I like the expression “I’m a hot mess.” Somehow it’s better than saying, “I feel really uncomfortable.”
People going through hard times can be a hot mess and still make it. They can learn to wade through their discomfort to a new place. They can realize that though they feel messy, they may actually be OK.
In 1968 my mom was a “hot mess.” My dad had gone off to Viet Nam for a year. Death over there was a regular thing. She had us two kids (I was eight and my sister was five) and life wasn’t working too well.
One day Shirley Wratten, a friend whose husband had died in the war, shared with her about a God who loved her in spite of her shortcomings. And my mom decided to put her life as she’d lived it up for foreclosure. She decided to move from a place of stiff religion to personal faith.
And from then on, my mom was not a hot mess anymore. Now she was a crazy lady – a fanatic. She passed out tracts to parking lot attendants. She led Bible studies in the bad part of town. She got up early and prayed on her knees.

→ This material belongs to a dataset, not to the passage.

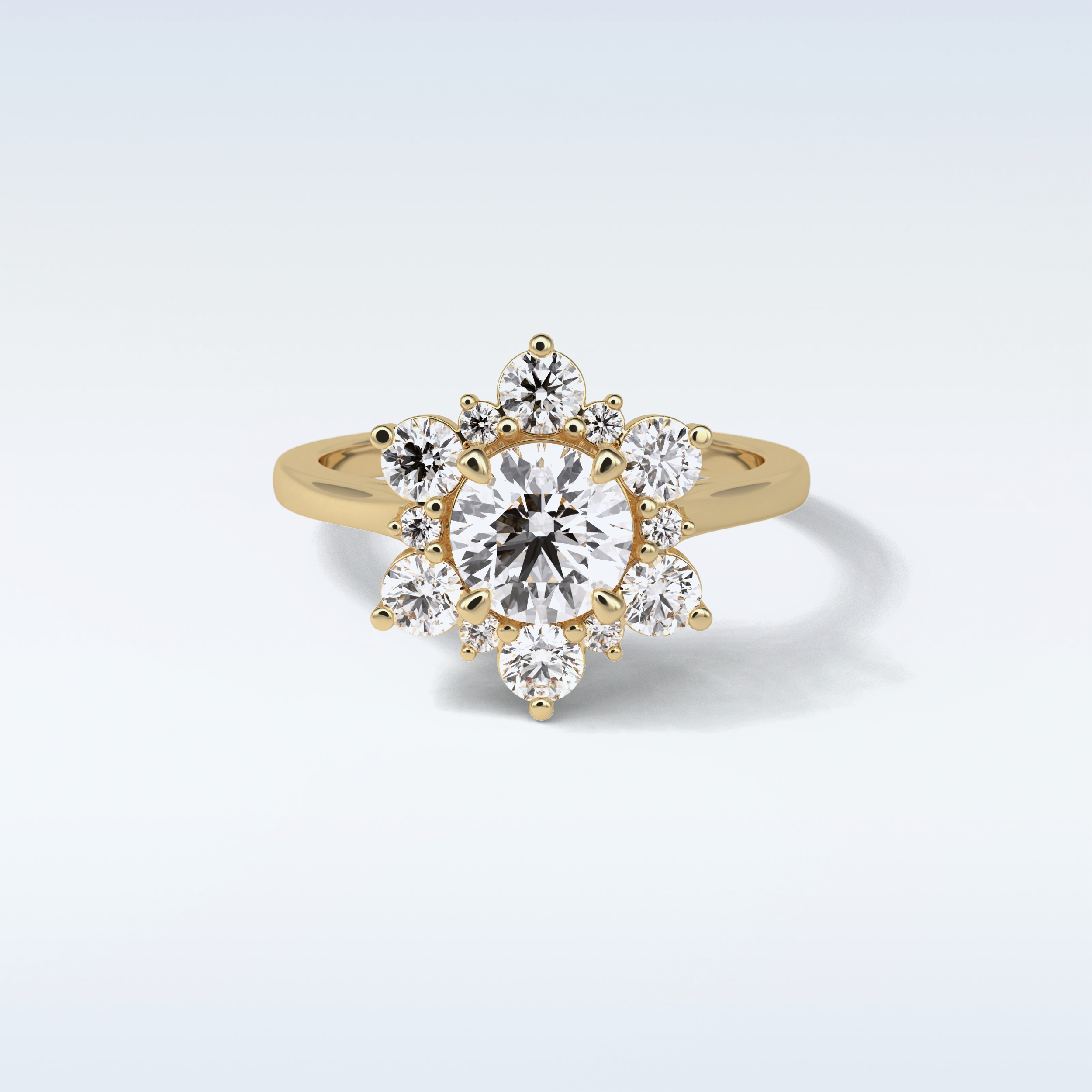 This stunning ring features a captivating 1 CT Round Moissanite as the center stone, complemented by dazzling Round stones. Set in your choice of 10KT, 14KT, or 18KT gold, it’s available in Yellow, White, or Rose Gold tones — a perfect blend of timeless elegance and modern brilliance.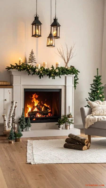 Decorate the hearth with lanterns, birch logs, or small trees. A hearth display adds depth to the fireplace area.

And one day her prayers were rewarded when my dad walked through our front door again. Our family would never be the same.
All my life I never wanted to be a fanatic. The life of a fanatic scared me to death. As a teenager and for a number of years thereafter, I afforded myself the luxury of not joining her in her craziness. I had never been a hot mess like her; never been wrecked. And so, I was able to follow God from a distance, like an admirer.
When my life became messy, I thought,”Hey, bad stuff happens to everyone.” I was able to hold it together as a respectable Christian for a long time.
But then I lost my job. We had five kids and our family planning efforts got shot all to hell. The coup de grace came when our marriage came under attack. I didn’t have the words, but I think I declared emotional bankruptcy. I was a hot mess indeed – a wreck. Life as I’d lived it just wasn’t going to work anymore.
When God showed up and spoke to me in the middle of that place, I said, “To heck with respectability; I can’t afford it anymore.”
It’s one thing if I’m kind of rolling along in my life with nothing in particular going wrong, but when random painful things begin to pile up in strange ways, you can’t do normal life anymore. As my mom discovered, at some point you have to get off the fence and start acting in sometimes foolish ways. I like what Jim Elliott said, “I’m a fool for Christ, whose fool are you?”
At the end of our lives, we are stripped of our dignity. We’re back in diapers, our teeth fall out, we drool. Like it or not, the lot of a fool becomes our destiny.
The writer of Ecclesiastes concluded that the really foolish thing is to live our lives with our head in the spiritual sand. Paul put it this way: “If any one of you thinks he is wise by the standards of this age, he should become a ‘fool’ so that he may become wise.”*
Respectability is overrated. It’s a good thing to be a hot mess. But it’s a bad thing to stay that way. I learned it’s better to get wrecked and deal with the consequences.